(PROVIDED DATA)
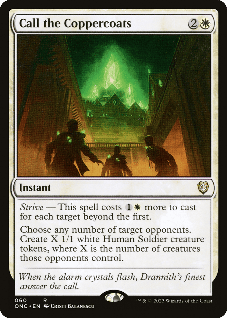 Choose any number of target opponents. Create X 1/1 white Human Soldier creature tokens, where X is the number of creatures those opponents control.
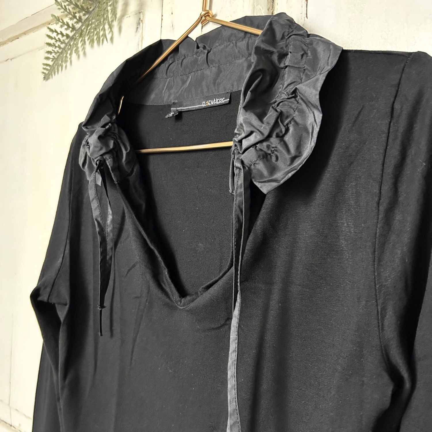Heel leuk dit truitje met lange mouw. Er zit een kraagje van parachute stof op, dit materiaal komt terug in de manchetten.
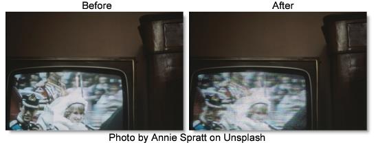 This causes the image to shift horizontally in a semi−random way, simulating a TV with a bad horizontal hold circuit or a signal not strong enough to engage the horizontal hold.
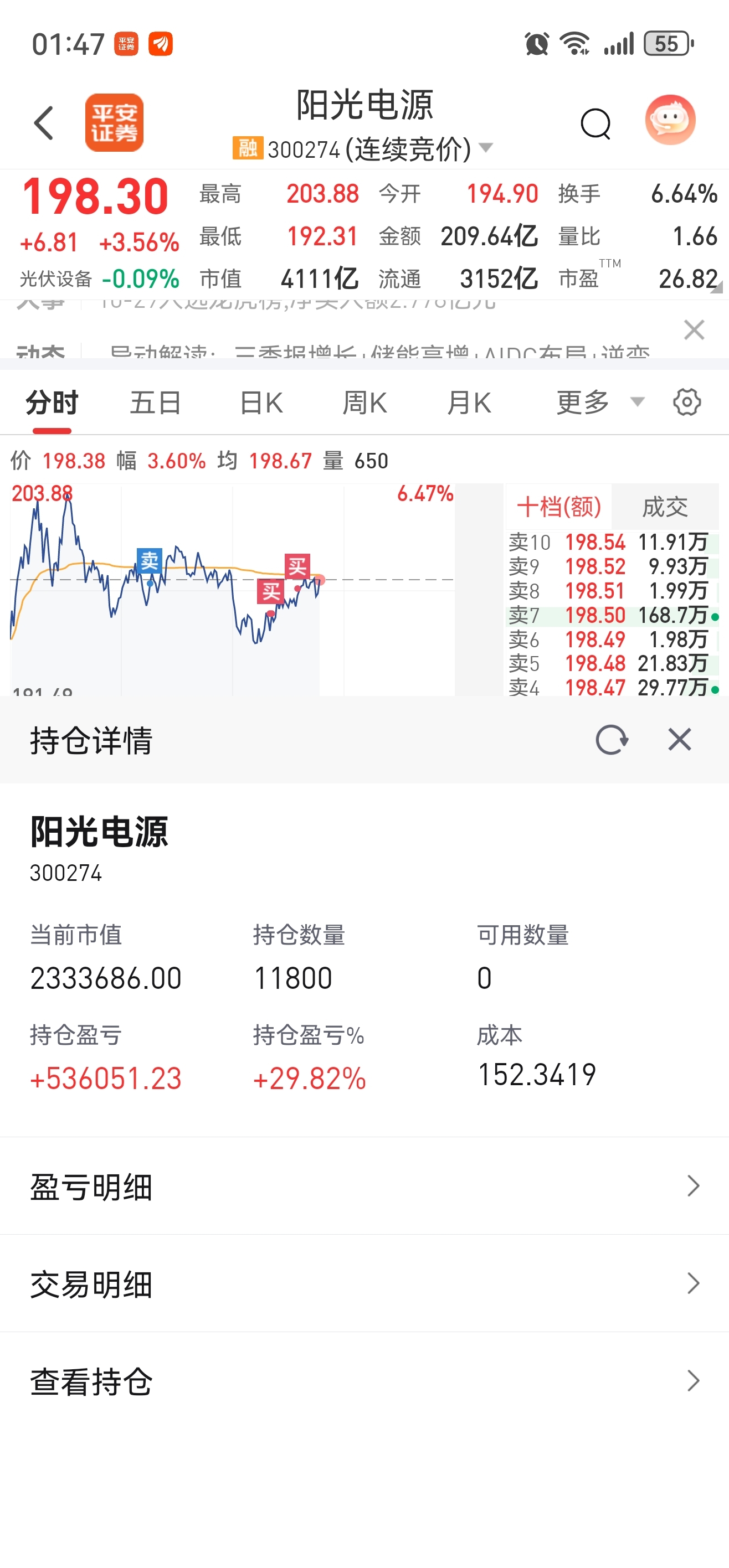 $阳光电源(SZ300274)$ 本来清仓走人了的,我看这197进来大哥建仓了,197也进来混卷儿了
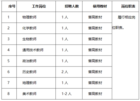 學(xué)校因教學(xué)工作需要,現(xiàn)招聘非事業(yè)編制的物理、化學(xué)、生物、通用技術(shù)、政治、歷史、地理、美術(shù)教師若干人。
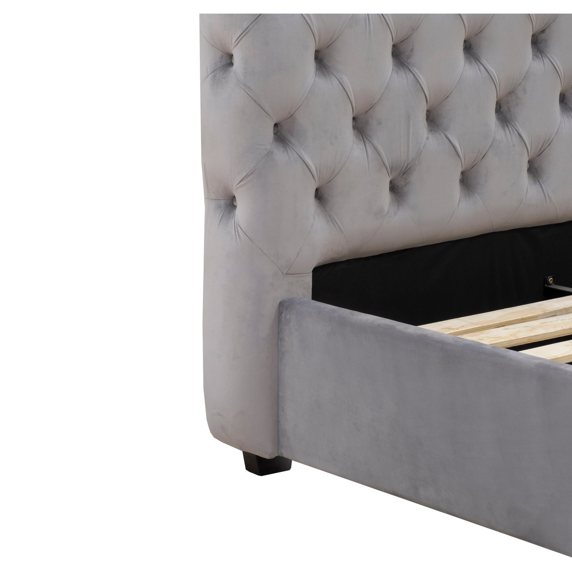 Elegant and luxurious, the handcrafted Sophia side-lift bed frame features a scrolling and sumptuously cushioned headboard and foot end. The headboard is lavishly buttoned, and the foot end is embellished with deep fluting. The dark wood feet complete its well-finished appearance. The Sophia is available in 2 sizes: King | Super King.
(End PROVIDED DATA)
Repeat the listing above verbatim, but exclude the pictures it contains.

### RESULT OF THE TASK
 Choose any number of target opponents. Create X 1/1 white Human Soldier creature tokens, where X is the number of creatures those opponents control.
Heel leuk dit truitje met lange mouw. Er zit een kraagje van parachute stof op, dit materiaal komt terug in de manchetten.
 This causes the image to shift horizontally in a semi−random way, simulating a TV with a bad horizontal hold circuit or a signal not strong enough to engage the horizontal hold.
 $阳光电源(SZ300274)$ 本来清仓走人了的,我看这197进来大哥建仓了,197也进来混卷儿了
 學(xué)校因教學(xué)工作需要,現(xiàn)招聘非事業(yè)編制的物理、化學(xué)、生物、通用技術(shù)、政治、歷史、地理、美術(shù)教師若干人。
 Elegant and luxurious, the handcrafted Sophia side-lift bed frame features a scrolling and sumptuously cushioned headboard and foot end. The headboard is lavishly buttoned, and the foot end is embellished with deep fluting. The dark wood feet complete its well-finished appearance. The Sophia is available in 2 sizes: King | Super King.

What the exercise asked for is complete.